Pero pasan meses sin respuesta.


Y cuando finalmente Dios aparece, no es para responder.


Dios viene a preguntar:


“¿En dónde están guardadas la luz y las tinieblas?”

“¿Conoces tú las leyes que gobiernan el cielo?” “¿Eres tú quien aplica esas leyes en la tierra?”

“¿Es tu sabiduría la que hace que el halcón vuele y que hacia el sur extienda sus alas?”


Usualmente creemos que somos nosotros los dueños de las inquisiciones a Dios, y Él se ubica en una constante defensiva porque no se desestabilice su supremacía absoluta, tratando de sofocar todo intento de cuestionamiento para evitar una rebelión que lo deponga de su trono.


Pero Dios también pregunta.


Le pregunta a Job por el origen, lo enfrenta con la naturaleza que lo rodea, con el devenir de las cosas y las leyes observables, invoca toda su capacidad filosófica para llevarlo a una verdad más profunda y a la vez palpable.


Tal vez Dios elige en su respuesta a Job la pregunta, porque ama la reflexión y el cuestionamiento como parte de la construcción del conocimiento y porque ella no le es ajena en lo absoluto.

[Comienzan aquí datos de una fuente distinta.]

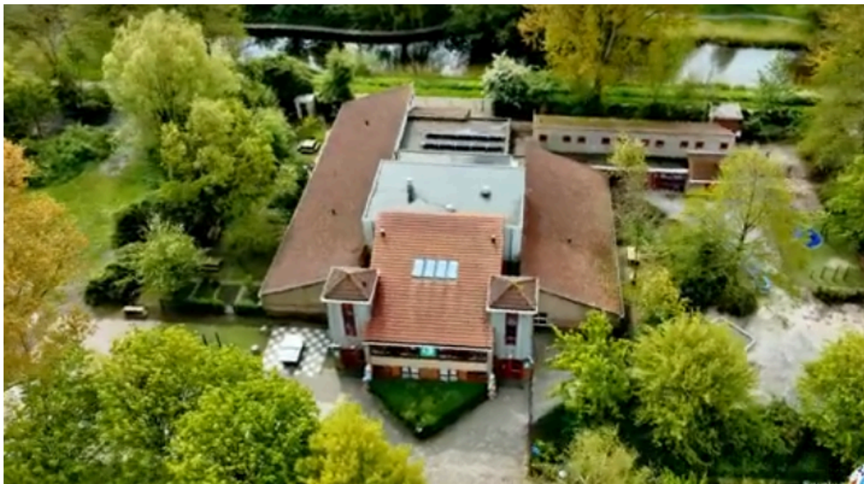
(Groene leeromgeving van basisschool De Keerkring in Schagen)

Samenwerking met de schoolbesturen (PO, VO en MBO) en verenigingen binnen de gemeente Schagen. Subsidie voor vergroening van het onderwijs. Samenwerken met groene organisaties, overheden en bedrijven.

Tal vez sea Dios quien realmente creó la pregunta y hace constantemente espacio para ella, quien abre el camino de la duda en medio de nuestro razonamiento y quien estableció que sea por medio de la pregunta que mediaticemos nuestro deseo de conocer la verdad.


Dios pregunta profundamente y toma el guante, lanza el desafío filosófico para quienes fuimos creados por él a su imagen, con ese mismo deseo insaciable de preguntar.

“Prepárate a hacerme frente.

"Yo te cuestionaré, y tú me responderás.”

¿Aceptas el desafío?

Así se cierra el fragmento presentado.